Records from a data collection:
※ ※ ※

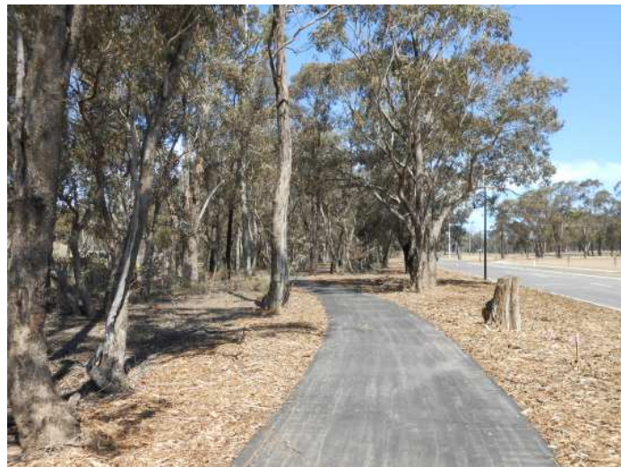
Managed Vegetation North-East
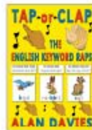
S-87 TAP OR CLAP THE ENGLISH KEYWORD RAPS
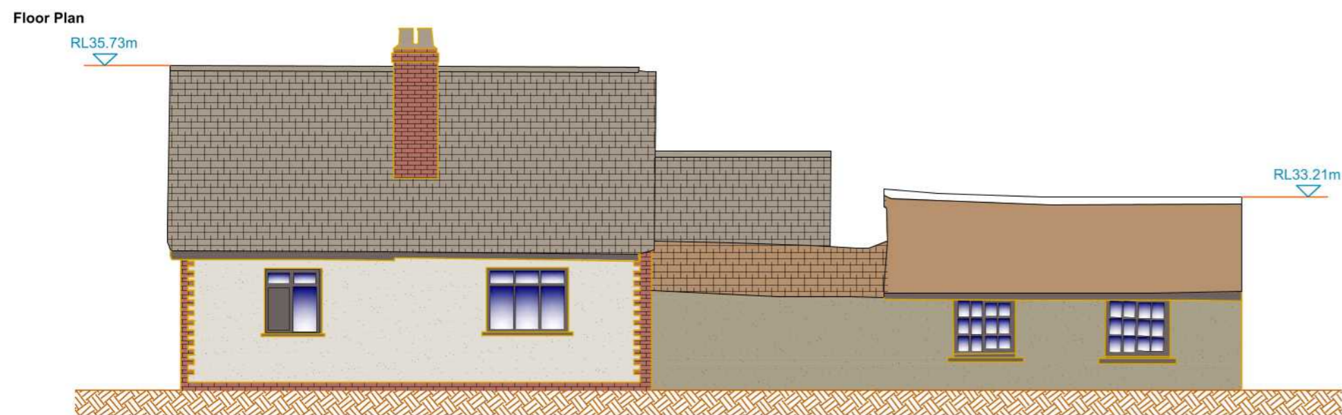
Side / West Elevation
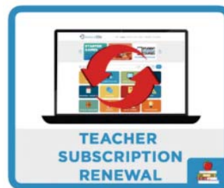
TEACHER SUBSCRIPTION RENEWAL $99.00
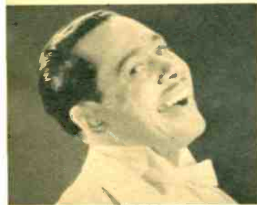
SUAVE, SLEEK BATON-WAVER CAB CALLOWAY
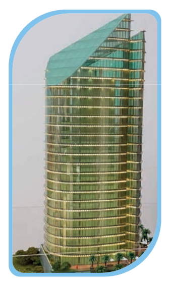
Entente Tower Abidjan, Ivory Coast
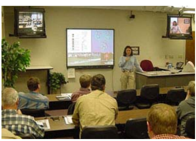
Recent cattle production short courses have been offered through distance education statewide.

If you missed part or all of either the recent Mississippi Cattle Reproduction Short Course or the Cattle Nutrition Short Course held in August 2004, now you can see what you missed. Both short courses were taped and will be available in mid-February 2005 on CD-ROM. Also included on the CDs are copies of the course PowerPoint presentations and handouts. Anyone interested in a copy of the cattle short course CD can request one for $5 per copy by calling 662-325-3516 or by filling out the request form below.

※ ※ ※

WORK INSTRUCTION:
State the number of lines above that hold the word "cattle", and say nothing else.

RESPONSE TO THE TASK:
2